A bill has died in the Georgia Senate that would have allowed cities and counties to continue to use automated cameras at intersections, but with new restrictions on them.
The Senate Public Safety and Homeland Security Committee voted to table the bill – HB77 – in the waning hours of the legislative session, effectively killing it. The House previously approved it after removing a requirement to prohibit localities from using the technology to ticket drivers.
The cameras snap pictures of red-light runners or speeders’ vehicle tags. A ticket for as much as $70 is mailed to the vehicles’ owners, regardless who was driving at the time.

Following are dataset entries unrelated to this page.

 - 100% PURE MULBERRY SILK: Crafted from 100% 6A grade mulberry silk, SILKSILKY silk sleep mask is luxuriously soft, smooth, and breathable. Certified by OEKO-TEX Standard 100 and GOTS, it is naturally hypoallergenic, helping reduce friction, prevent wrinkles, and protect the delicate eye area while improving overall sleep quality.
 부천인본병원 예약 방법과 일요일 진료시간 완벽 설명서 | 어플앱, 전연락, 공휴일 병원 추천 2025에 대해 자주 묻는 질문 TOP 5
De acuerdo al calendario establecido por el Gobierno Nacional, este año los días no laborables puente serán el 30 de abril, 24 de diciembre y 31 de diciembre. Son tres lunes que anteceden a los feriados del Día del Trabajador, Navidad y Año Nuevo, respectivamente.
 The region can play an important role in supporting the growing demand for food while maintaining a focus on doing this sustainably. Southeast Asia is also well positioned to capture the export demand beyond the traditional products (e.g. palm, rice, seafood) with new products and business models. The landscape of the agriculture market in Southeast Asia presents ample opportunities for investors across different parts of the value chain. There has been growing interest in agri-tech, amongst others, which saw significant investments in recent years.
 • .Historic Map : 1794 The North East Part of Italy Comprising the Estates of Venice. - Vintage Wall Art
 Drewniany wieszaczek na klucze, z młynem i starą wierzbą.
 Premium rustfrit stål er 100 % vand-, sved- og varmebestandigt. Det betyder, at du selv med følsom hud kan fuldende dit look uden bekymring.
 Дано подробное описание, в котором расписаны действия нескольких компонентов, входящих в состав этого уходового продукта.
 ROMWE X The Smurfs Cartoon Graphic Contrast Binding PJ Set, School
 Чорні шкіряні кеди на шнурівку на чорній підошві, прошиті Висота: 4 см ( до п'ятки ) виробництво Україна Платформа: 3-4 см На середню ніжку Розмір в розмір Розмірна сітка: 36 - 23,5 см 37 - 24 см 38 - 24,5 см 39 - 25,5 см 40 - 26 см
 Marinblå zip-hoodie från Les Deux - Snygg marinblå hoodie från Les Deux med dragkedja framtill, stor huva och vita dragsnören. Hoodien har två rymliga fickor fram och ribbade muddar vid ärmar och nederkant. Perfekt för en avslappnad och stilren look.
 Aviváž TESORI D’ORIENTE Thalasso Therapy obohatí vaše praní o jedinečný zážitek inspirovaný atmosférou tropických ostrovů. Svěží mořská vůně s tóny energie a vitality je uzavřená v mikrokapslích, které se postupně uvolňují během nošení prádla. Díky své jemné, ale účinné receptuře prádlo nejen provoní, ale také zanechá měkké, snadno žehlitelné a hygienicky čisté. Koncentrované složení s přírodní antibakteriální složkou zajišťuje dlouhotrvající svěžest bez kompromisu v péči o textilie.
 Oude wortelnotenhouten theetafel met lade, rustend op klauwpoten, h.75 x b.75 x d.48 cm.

Sponsored by Rep. Barry Loudermilk, R-Cassville, the bill would have mandated that 75 percent of the profit local governments would otherwise make from violators be directed to the state’s general fund for trauma care.
Supporters of the bill said the change would help ensure that cities are using the cameras to improve safety and not as money makers.
Opponents said it would be unfair to force cities willing to invest in the cameras to give most of the fine revenue to the state. They also questioned whether the state’s trauma network actually would get the money.
The bill also would have prohibited local governments from decreasing the duration of traffic lights’ amber time. In addition, it would have required traffic engineering studies before cameras are posted.
As introduced, Loudermilk’s bill sought to repeal the six-year-old Georgia law relating to traffic signal monitoring devices. The more than 20 cities and counties across the state that have since posted the cameras would have been required to take them down.
Some lawmakers said the rewritten bill would accomplish a similar goal because cities and counties would be less likely to install cameras if they can’t keep the bulk of profits, the Macon Telegraph reported.